Why career crises are the norm

The problem of not having a fulfilling career is a recent problem for mankind.

In the pre-industrial world, there were about 2000 distinct trades to choose from. Besides, it was enough for our predecessors to have somehow made ends meet. In today’s era of affluence, that number has climbed upwards of 500,000 and continues to rise rapidly.

How can a brain learn to process 500,000 options and pick the most suitable one? A loose analogy would be that your supermarket started stocking 6000 varieties of jam instead of 6. Your predicament is to choose one among those 6000 flavours to consume until retirement. What is more? Your friends and your peers never pass the chance to remind you, at dinner parties and on their social media feeds, how nice their variety of jam tastes.

While we have evolved to include those half a million careers as options, we haven’t yet learnt to redefine ‘career’ from its antiquated definition of being a linear path from beginning to end.

Career crises are the norm and not the exception. Hope realizing this will make them more bearable.

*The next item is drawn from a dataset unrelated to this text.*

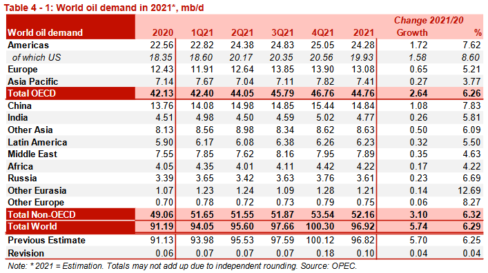 Таблица 4-1. Мировой спрос на нефть в 2021, млн б/д

Inspiration: How to Find Fulfilling Work

2 thoughts on “Why career crises are the norm

  1. Let me play the Devil’s advocate here –

    You are talking about the explosion in the number of choices of profession. Not only has the number of choices increased, but so has the average person’s ability to categorise information into abstract forms. Additionally, most people were illiterate in the pre industrial era, which meant that the ability to reason in an abstract way (which is a learned skill) was largely absent in the population.

    I also see this problem of choice as a good one to have. The fact that more people can chose what to do with lives instead of being forced into a profession through a feudal system (or worse, slavery) is a hard fought right which we should cherish.